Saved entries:
+++++

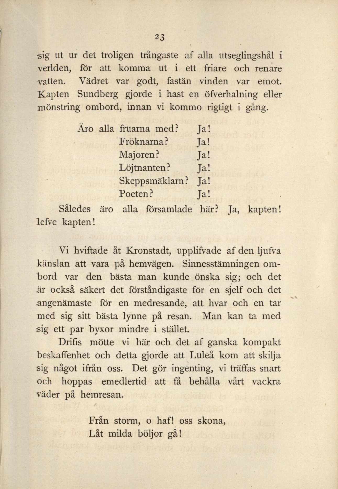 Från storm, o haf! oss skona, |
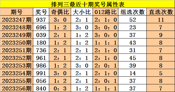 上期回顾:体彩排列三第2023256期奖号:840,奇偶比0:3,大小比1:2,012比1:1:1。
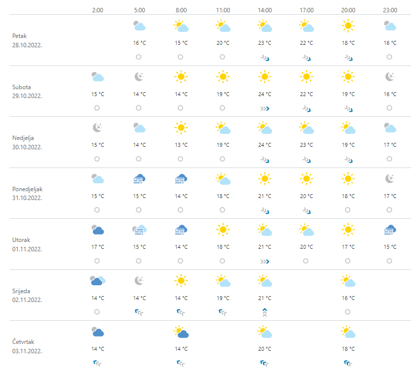 Stabilno i iznadprosječno toplo, a osobito na Jadranu i sunčano. U unutrašnjosti u prvom dijelu dana mjestimice magla i niski oblaci koji se još u subotu lokalno mogu i dulje zadržati i tako značajno utjecati na porast temperature zraka. Kratkotrajne magle u jutarnjim satima može biti i uz obalu, osobito sjevernoga Jadrana. Vjetar slab, na moru ponegdje umjeren sjeverozapadni. Temperatura zraka sljedećih dana bez veće promjene.
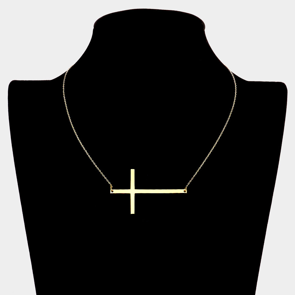 • Elegant sideways cross pendant necklace on a delicate chain, offering a sleek and modern take on a classic symbol. Perfect for everyday wear, layering, or meaningful gifting with a minimalist spiritual touch.
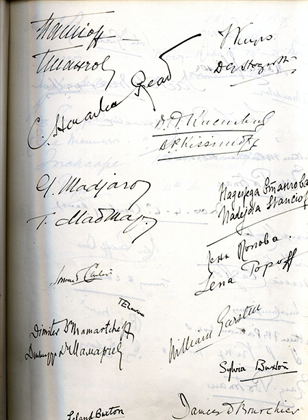 I tried to decipher some of the signatures. It must have been a reception of mostly Bulgarian diplomats. They signed in both Cyrillic and latin. One was most likely Nadejda Stancioff, Bulgaria's first woman on diplomatic service during the 1910s and 1920s, later Baronetess of Deanston. There is a picture of her in the George Grantham Bain Collection. Grantham... funny coincidence.
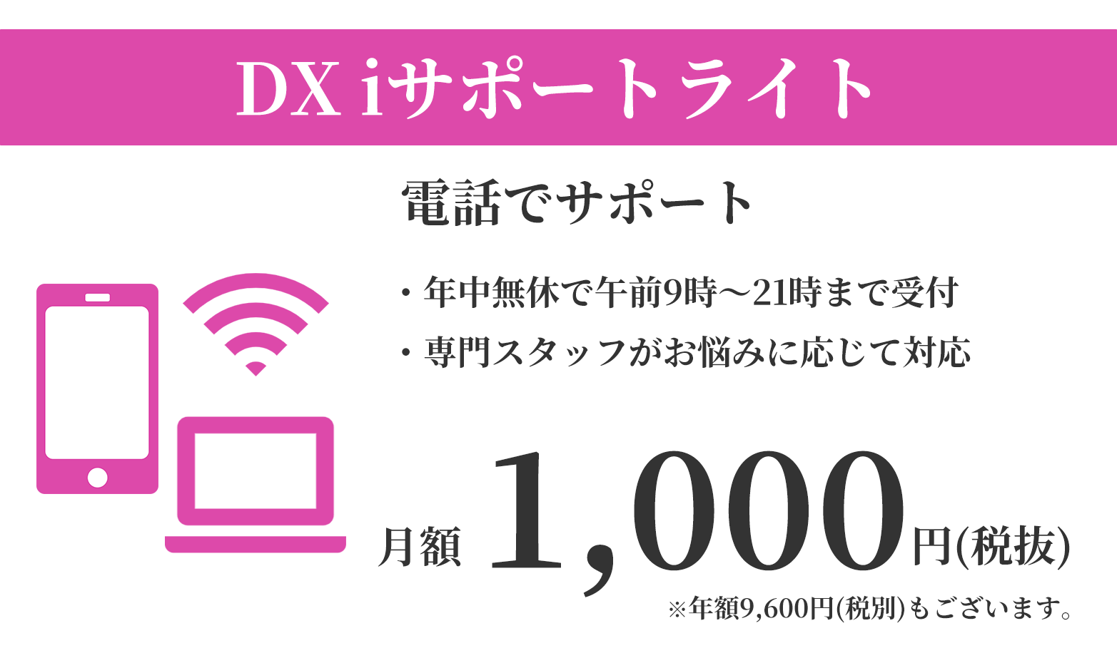 ■i'サポート(ライト):電話でのリモートサポートについてのサポート範囲については約款、i'サポート(ライト・スタンダード・プレミアム)のメニュー表をご確認下さい。
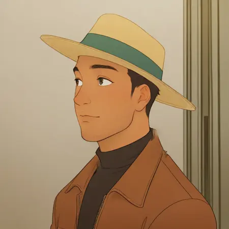 提示建议:肌肉发达、胸肌、绿眼睛、棕发、简单的帽子、胡须剃得不整齐
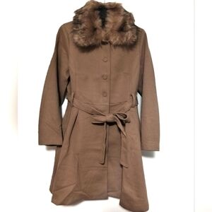 Stay warm and stylish with this elegant brown taupe coat featuring a luxurious faux fur collar.
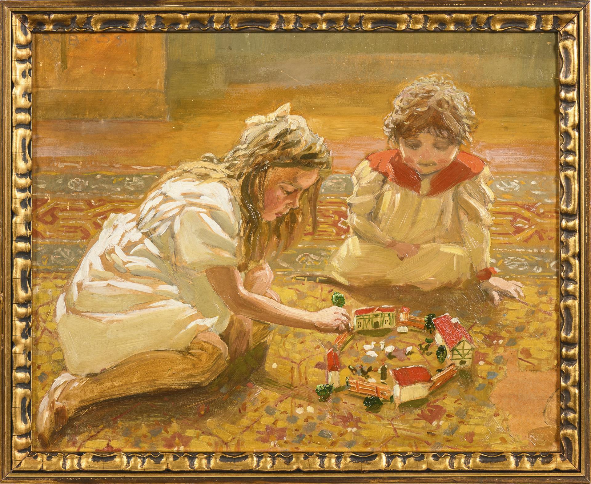 Die beiden Kinder auf dem Teppich beim Spielen mit den Tierfiguren am kleinen Bauernhof.
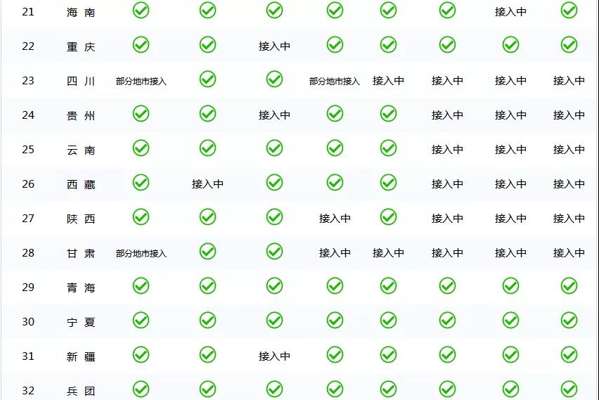 可以看出,大部分省份已經(jīng)完成了接入,其他沒有完成的省份也在逐步完善接入中。
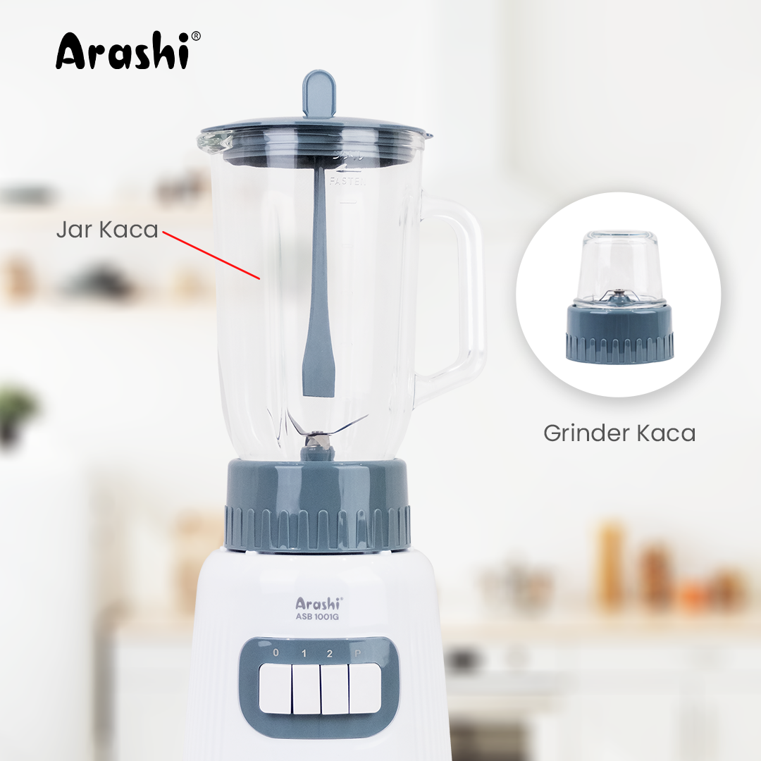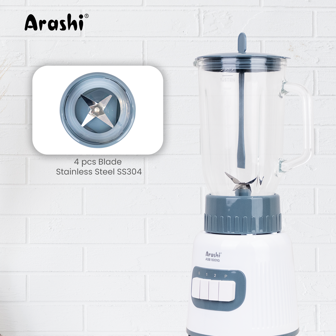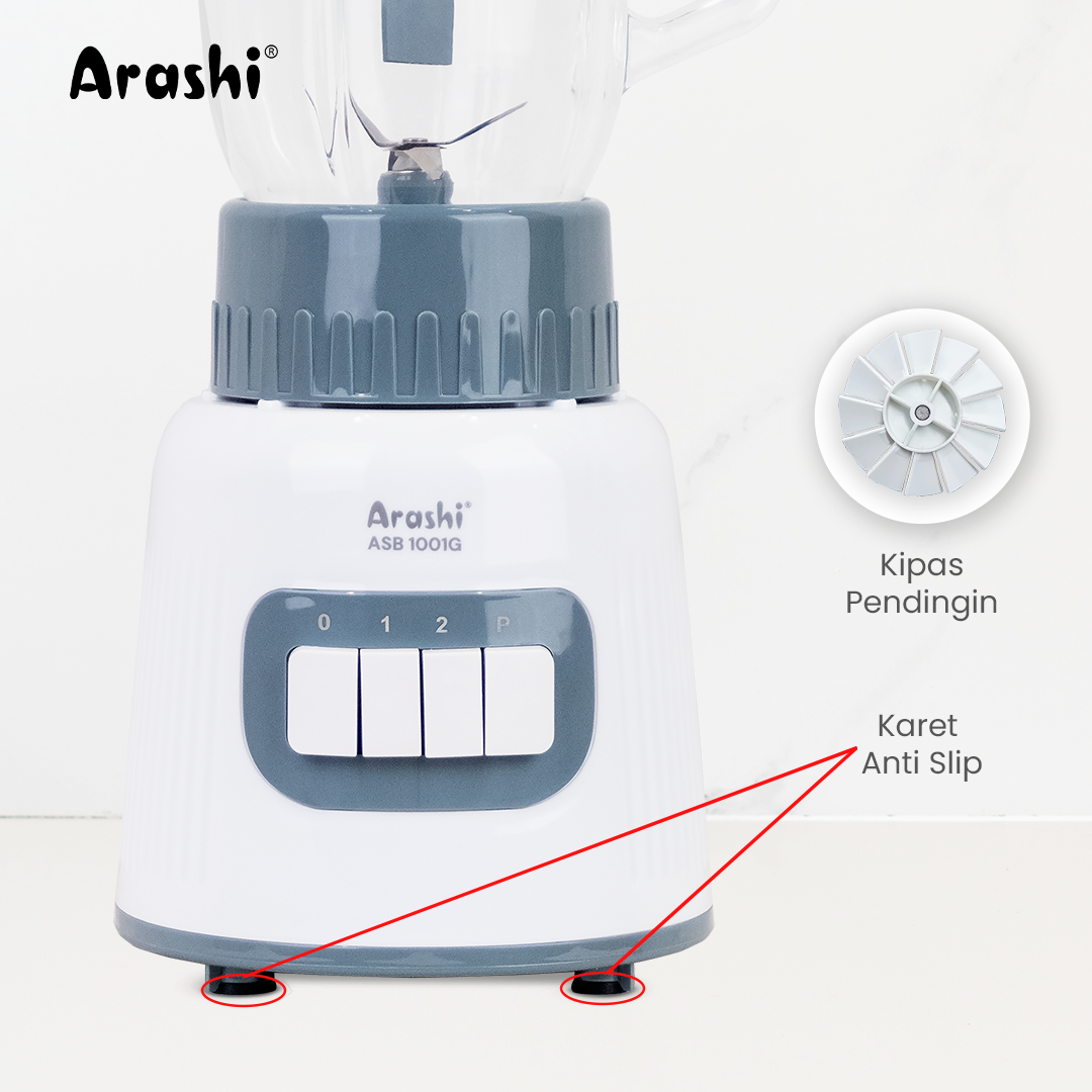 Arashi Stand Blender ASB 1001G memiliki tingkat kebisingan yang rendah dengan perputaran pisau hingga 21.000 rpm. Blender ini memiliki 3 kecepatan: 1, 2, dan P (Pulse) serta dilengkapi dengan Grinder berbahan kaca.
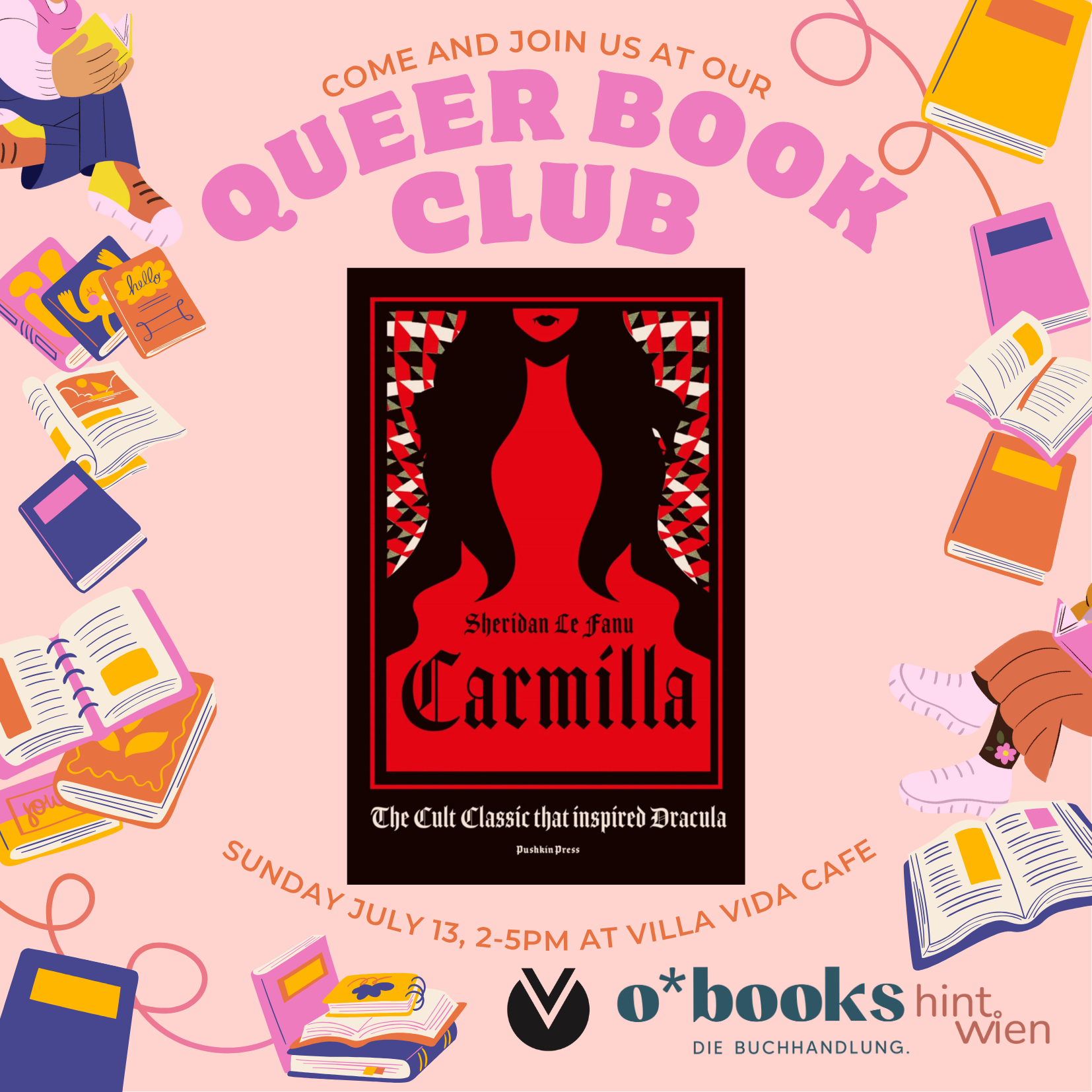 Join the Queer Book Club Vienna in July! Looking for a space to discuss queer literature and meet like-minded people? The Queer Book Club Vienna at Villa Vida Cafรฉ invites you to our July session featuring the cult classic Carmilla by Sheridan Le Fanu. This groundbreaking vampire novella, which inspired Dracula, offers plenty of fascinating queer subtext to explore together. On Sunday, July 13, 2025, from 14:00 to 17:00, join us for an engaging discussion about this Gothic tale of desire, identity, and fear. Whether youโre a longtime fan of queer literature or just starting out, this is a welcoming space for everyone interested in LGBTQ+ narratives. What to Expect at Queer Book Club Vienna โ July: Carmilla ๐ Engaging Discussion โ Dive into the queer themes, characters, and symbolism of Carmilla. ๐ณ๏ธโ๐ Inclusive & Safe Space โ Enjoy open, respectful conversations in a queer-centered environment. ๐ฆ A Gothic Classic Through a Queer Lens โ Share your interpretations and discover new perspectives. ๐ท Cozy Cafรฉ Atmosphere โ Sip drinks, enjoy snacks, and chat at Villa Vida Cafรฉ. Who Can Join? ๐ Open to all LGBTQ+ book lovers who want to discuss queer literature in good company.
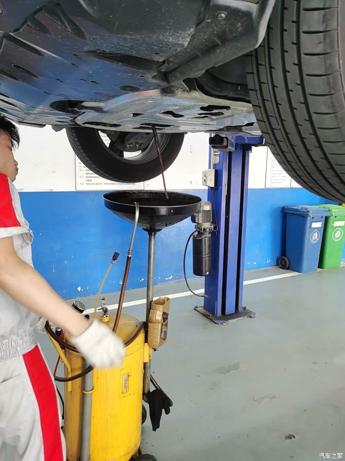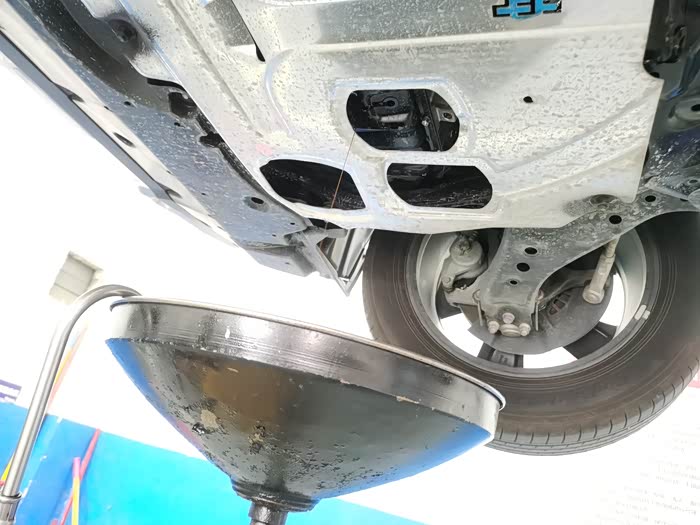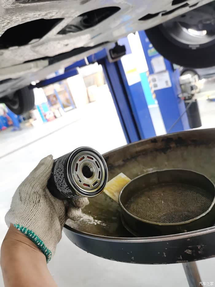 把两个滤清拿出来就把车子升高放机油,把机油滤清器弄出来,机油就漏出来放在回收桶的漏斗上。接着就去检查测量其他的项目。

+++++

§ **WORK TO COMPLETE**
A word-for-word copy is required of the lines above from the line with "可以看出,大部分省份已經(j" through the last line of the data; no other lines and no pictures belong in it.

§ **TASK OUTPUT**
 可以看出,大部分省份已經(jīng)完成了接入,其他沒有完成的省份也在逐步完善接入中。
 Arashi Stand Blender ASB 1001G memiliki tingkat kebisingan yang rendah dengan perputaran pisau hingga 21.000 rpm. Blender ini memiliki 3 kecepatan: 1, 2, dan P (Pulse) serta dilengkapi dengan Grinder berbahan kaca.
 Join the Queer Book Club Vienna in July! Looking for a space to discuss queer literature and meet like-minded people? The Queer Book Club Vienna at Villa Vida Cafรฉ invites you to our July session featuring the cult classic Carmilla by Sheridan Le Fanu. This groundbreaking vampire novella, which inspired Dracula, offers plenty of fascinating queer subtext to explore together. On Sunday, July 13, 2025, from 14:00 to 17:00, join us for an engaging discussion about this Gothic tale of desire, identity, and fear. Whether youโre a longtime fan of queer literature or just starting out, this is a welcoming space for everyone interested in LGBTQ+ narratives. What to Expect at Queer Book Club Vienna โ July: Carmilla ๐ Engaging Discussion โ Dive into the queer themes, characters, and symbolism of Carmilla. ๐ณ๏ธโ๐ Inclusive & Safe Space โ Enjoy open, respectful conversations in a queer-centered environment. ๐ฆ A Gothic Classic Through a Queer Lens โ Share your interpretations and discover new perspectives. ๐ท Cozy Cafรฉ Atmosphere โ Sip drinks, enjoy snacks, and chat at Villa Vida Cafรฉ. Who Can Join? ๐ Open to all LGBTQ+ book lovers who want to discuss queer literature in good company.
 把两个滤清拿出来就把车子升高放机油,把机油滤清器弄出来,机油就漏出来放在回收桶的漏斗上。接着就去检查测量其他的项目。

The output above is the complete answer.